# What you have to do
Only the lines below from the one containing "Klasyczna czerwona chusta" through the one containing "Gulf Relic Sterling" belong in the answer, repeated exactly and without pictures.

# Supplied data
[Start of Attachment]

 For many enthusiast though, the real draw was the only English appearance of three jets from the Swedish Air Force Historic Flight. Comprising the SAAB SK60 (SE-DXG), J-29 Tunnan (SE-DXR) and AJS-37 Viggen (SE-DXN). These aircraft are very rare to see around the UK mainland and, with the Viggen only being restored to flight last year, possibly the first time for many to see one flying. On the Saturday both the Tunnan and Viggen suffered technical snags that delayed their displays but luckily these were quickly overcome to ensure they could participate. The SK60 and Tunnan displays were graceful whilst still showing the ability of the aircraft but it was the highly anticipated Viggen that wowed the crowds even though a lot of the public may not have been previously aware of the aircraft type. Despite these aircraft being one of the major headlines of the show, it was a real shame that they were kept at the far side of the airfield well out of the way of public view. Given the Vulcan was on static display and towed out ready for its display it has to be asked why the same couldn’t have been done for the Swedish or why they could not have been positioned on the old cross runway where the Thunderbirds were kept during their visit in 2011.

[End of Attachment]
[Start of Attachment]

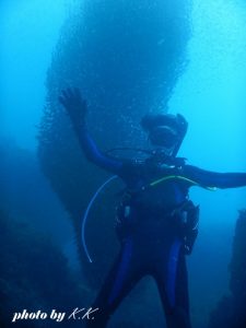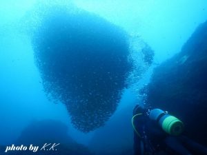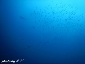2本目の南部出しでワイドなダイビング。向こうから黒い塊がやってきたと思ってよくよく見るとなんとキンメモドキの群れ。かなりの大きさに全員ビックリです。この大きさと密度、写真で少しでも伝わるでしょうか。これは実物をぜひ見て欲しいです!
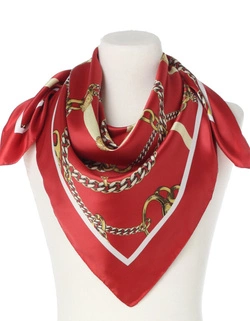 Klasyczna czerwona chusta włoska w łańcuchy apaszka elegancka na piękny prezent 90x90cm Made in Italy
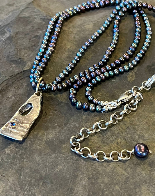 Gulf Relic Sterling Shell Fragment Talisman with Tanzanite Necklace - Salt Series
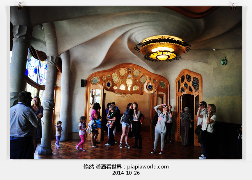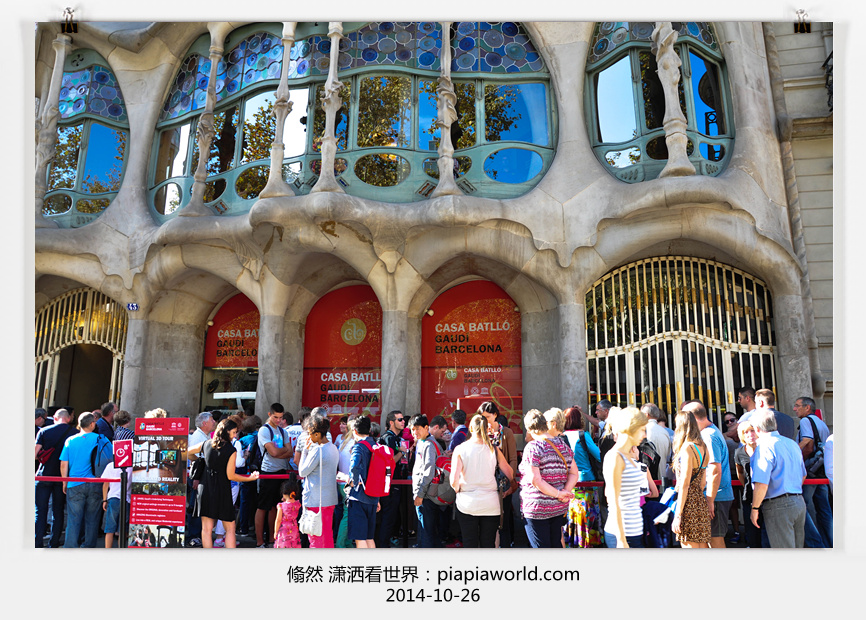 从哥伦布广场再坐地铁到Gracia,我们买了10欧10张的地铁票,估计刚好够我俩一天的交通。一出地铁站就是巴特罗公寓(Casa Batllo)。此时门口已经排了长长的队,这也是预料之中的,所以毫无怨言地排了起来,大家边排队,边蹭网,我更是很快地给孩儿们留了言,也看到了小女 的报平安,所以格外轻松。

[End of Attachment]

# Exercise result
 Klasyczna czerwona chusta włoska w łańcuchy apaszka elegancka na piękny prezent 90x90cm Made in Italy
 Gulf Relic Sterling Shell Fragment Talisman with Tanzanite Necklace - Salt Series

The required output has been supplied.